What is expected:
In the material below, find the line containing "為進(jìn)一步控制機(j" and the line containing "Den Pausentisch hat", then reproduce exactly both of them and every line between, and nothing else.

Supplied entries:
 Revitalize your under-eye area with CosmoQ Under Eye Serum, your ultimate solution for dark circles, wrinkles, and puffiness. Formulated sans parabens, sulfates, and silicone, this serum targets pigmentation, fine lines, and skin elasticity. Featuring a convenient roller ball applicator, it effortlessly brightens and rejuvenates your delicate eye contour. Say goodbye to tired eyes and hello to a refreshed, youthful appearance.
---
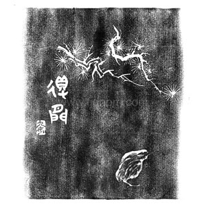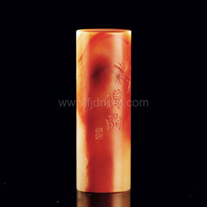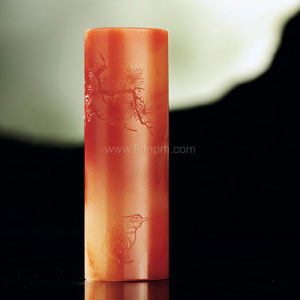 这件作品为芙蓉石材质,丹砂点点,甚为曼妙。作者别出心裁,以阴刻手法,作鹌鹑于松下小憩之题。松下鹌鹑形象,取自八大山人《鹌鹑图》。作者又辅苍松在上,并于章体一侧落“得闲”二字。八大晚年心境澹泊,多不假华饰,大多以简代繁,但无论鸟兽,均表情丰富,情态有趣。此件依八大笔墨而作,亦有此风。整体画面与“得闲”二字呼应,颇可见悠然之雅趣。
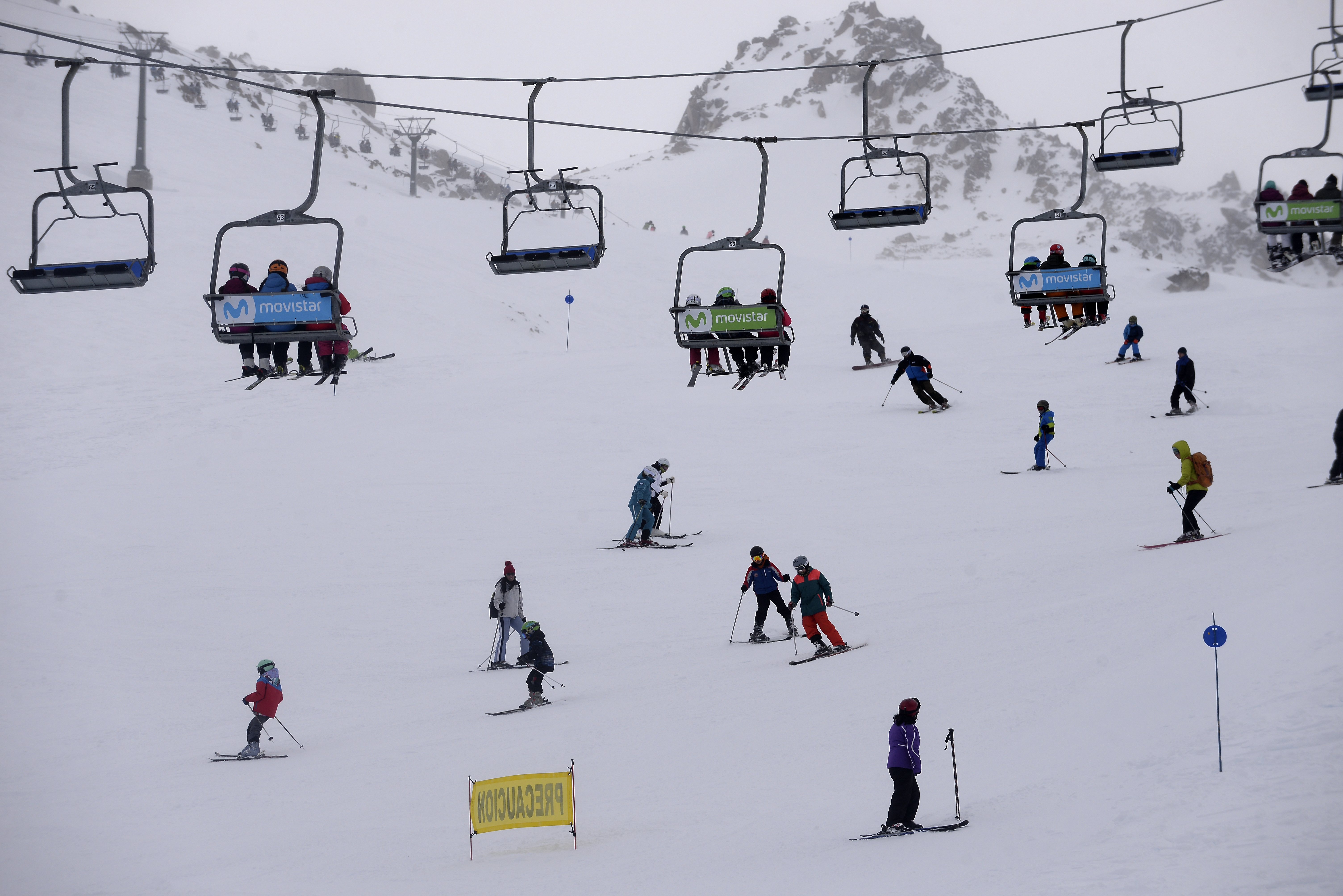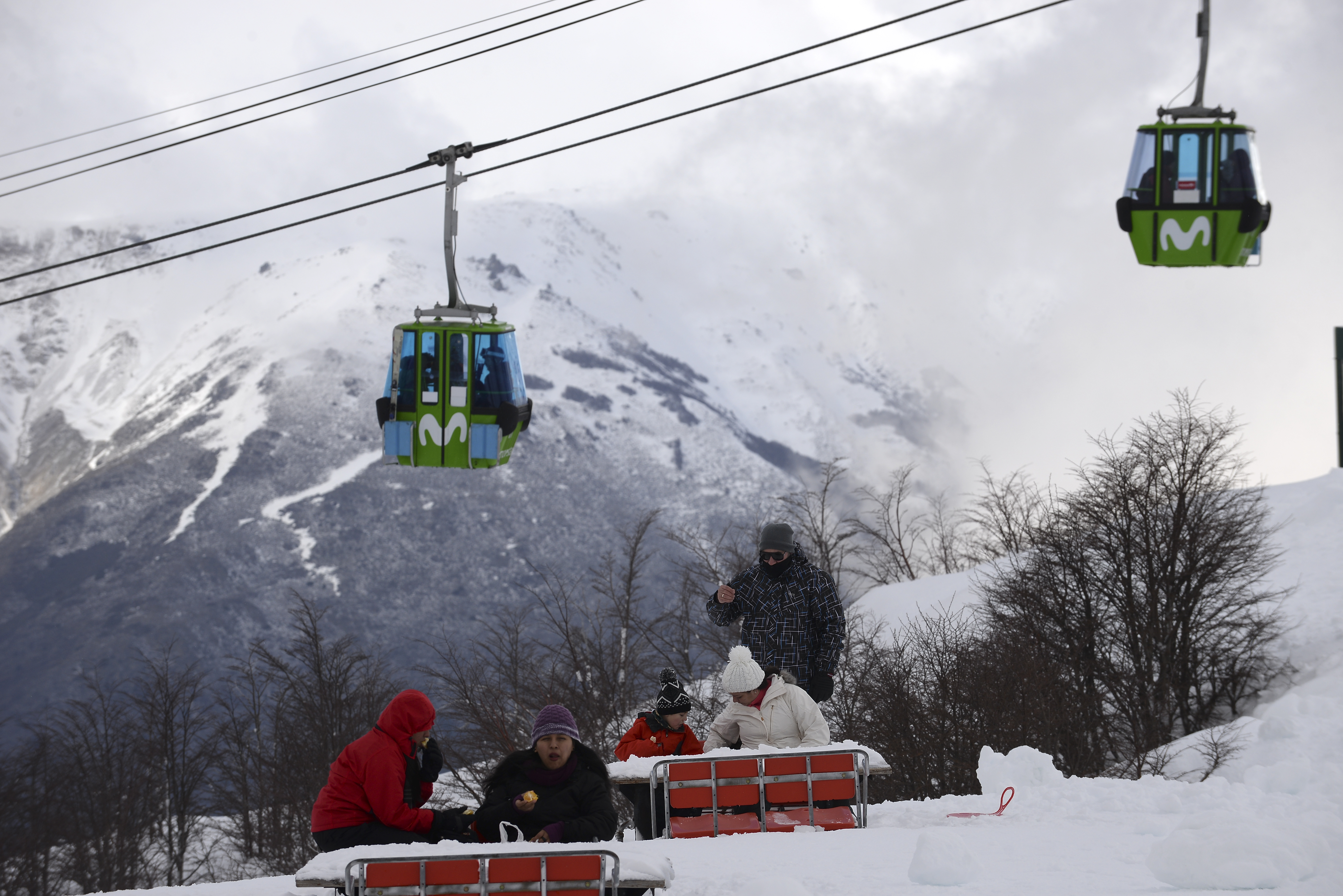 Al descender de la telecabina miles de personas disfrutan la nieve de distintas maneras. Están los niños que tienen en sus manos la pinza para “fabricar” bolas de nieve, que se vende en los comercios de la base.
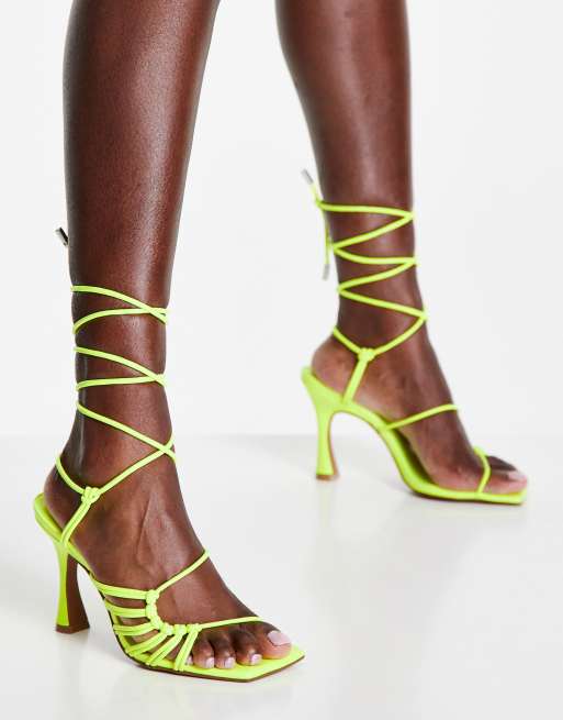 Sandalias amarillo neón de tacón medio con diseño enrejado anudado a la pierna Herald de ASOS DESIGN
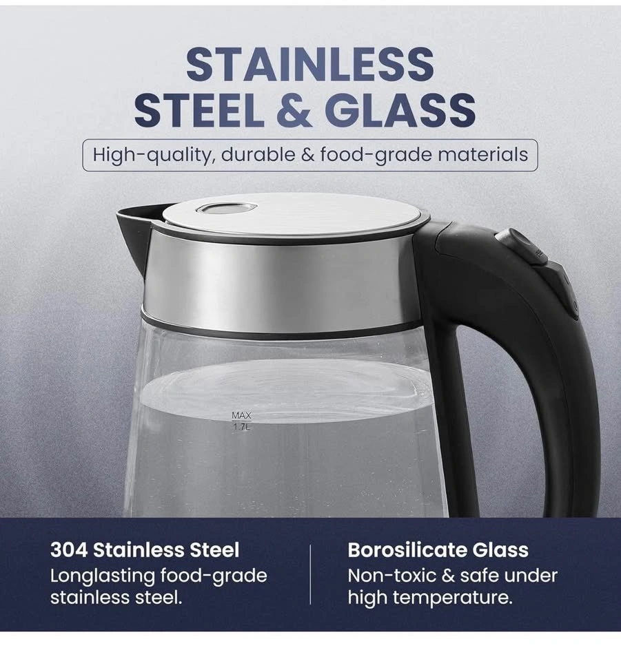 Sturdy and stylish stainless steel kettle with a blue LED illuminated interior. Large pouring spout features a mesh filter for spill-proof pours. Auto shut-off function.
...
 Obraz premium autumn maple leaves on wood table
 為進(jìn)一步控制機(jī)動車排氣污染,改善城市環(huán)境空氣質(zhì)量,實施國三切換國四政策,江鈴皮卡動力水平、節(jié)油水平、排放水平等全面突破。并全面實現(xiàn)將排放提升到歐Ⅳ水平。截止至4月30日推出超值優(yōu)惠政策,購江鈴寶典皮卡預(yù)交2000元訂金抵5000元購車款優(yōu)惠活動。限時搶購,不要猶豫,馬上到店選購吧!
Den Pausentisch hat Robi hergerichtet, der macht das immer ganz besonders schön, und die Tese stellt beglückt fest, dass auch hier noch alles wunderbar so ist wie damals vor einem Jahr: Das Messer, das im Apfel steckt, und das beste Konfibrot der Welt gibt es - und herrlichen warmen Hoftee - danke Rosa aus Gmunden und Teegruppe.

Solution for this problem:
 為進(jìn)一步控制機(jī)動車排氣污染,改善城市環(huán)境空氣質(zhì)量,實施國三切換國四政策,江鈴皮卡動力水平、節(jié)油水平、排放水平等全面突破。并全面實現(xiàn)將排放提升到歐Ⅳ水平。截止至4月30日推出超值優(yōu)惠政策,購江鈴寶典皮卡預(yù)交2000元訂金抵5000元購車款優(yōu)惠活動。限時搶購,不要猶豫,馬上到店選購吧!
Den Pausentisch hat Robi hergerichtet, der macht das immer ganz besonders schön, und die Tese stellt beglückt fest, dass auch hier noch alles wunderbar so ist wie damals vor einem Jahr: Das Messer, das im Apfel steckt, und das beste Konfibrot der Welt gibt es - und herrlichen warmen Hoftee - danke Rosa aus Gmunden und Teegruppe.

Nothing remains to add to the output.